It looked as if Edwards, points leader Johnson and Kenseth had the strongest cars, but that doesn’t necessarily win at the superspeedways, where drafting expertise and the good fortune to avoid massive wrecks loom large.

The first of two huge wrecks Sunday involved 16 cars 44 laps in, when Kyle Busch’s car tapped the back of the car driven by Kasey Kahne of Enumclaw. Kahne veered into the wall, setting off the chain reaction typical of Talladega wrecks.

“I caused it,” Busch said. “I tore up a lot of good cars. I was trying to get to his (Kahne’s) outside and I caught his bumper.”

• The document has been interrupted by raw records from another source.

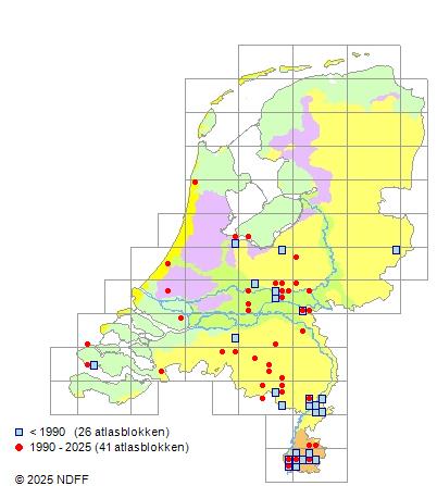 Het aantal atlasblokken (5x5 km) waarin de soort is gemeld binnen een periode van vijf jaar (vanaf 1980) of twintig jaar. Niet gecorrigeerd voor waarnemersinspanning en het aantal doorgegeven waarnemingen kan sterk variëren per periode, dus een trend in verspreiding kan hier niet direct uit worden afgelezen. Het opgegeven jaartal is het eerste jaar van de periode. Bron: gevalideerde waarnemingen uit de NDFF.
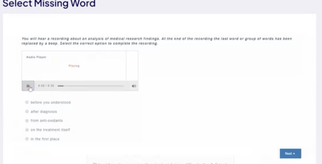 答题关键:听前看选项(如 “before diagnosis”“on the treatment”),听的时候抓 “上下文逻辑”(比如录音讲 “医疗研究”,结尾说 “the key is to act ____”,选 “before diagnosis” 更合理)。
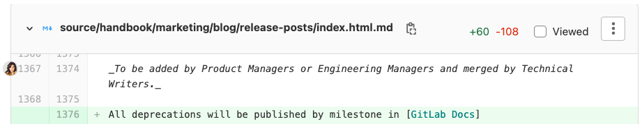 Whitespace changes can make it more difficult to see the substantive changes in a merge request. You can choose to hide or show whitespace changes:

Kahne, who finished 42nd in the field of 43, said he didn’t need any discussion with or apology from Busch.

“I think we both know what happened,” Kahne said. “I was trying to stay behind Jimmie (Johnson) and we had a ton of momentum. You can’t really hit from behind in these cars.”

Greg Biffle of Vancouver, Wash., struck the wall.

“I just saw them wrecking above me,” Biffle recalled. “I thought about going to the left. I had plenty of room and probably should have, but I didn’t. I just stayed straight and moved down all I could and it wasn’t enough. They got me in the right-rear and turned me the wrong way, up into the wall.”

Someone asked Biffle, who finished 36th, if it was too early in the race for such a nasty wreck.

“It can happen any time. You just never know,” Biffle said. “We were trying to be cautious, but that didn’t work.”

The second major wreck came with six laps to go, after NASCAR waited out a three-hour rain delay. Ryan Newman’s car had some of the worst damage and he criticized NASCAR on Fox’s telecast, questioning why the race wasn’t called.

An agitated Newman said the whole field ended up “running in the dark, running in the rain.”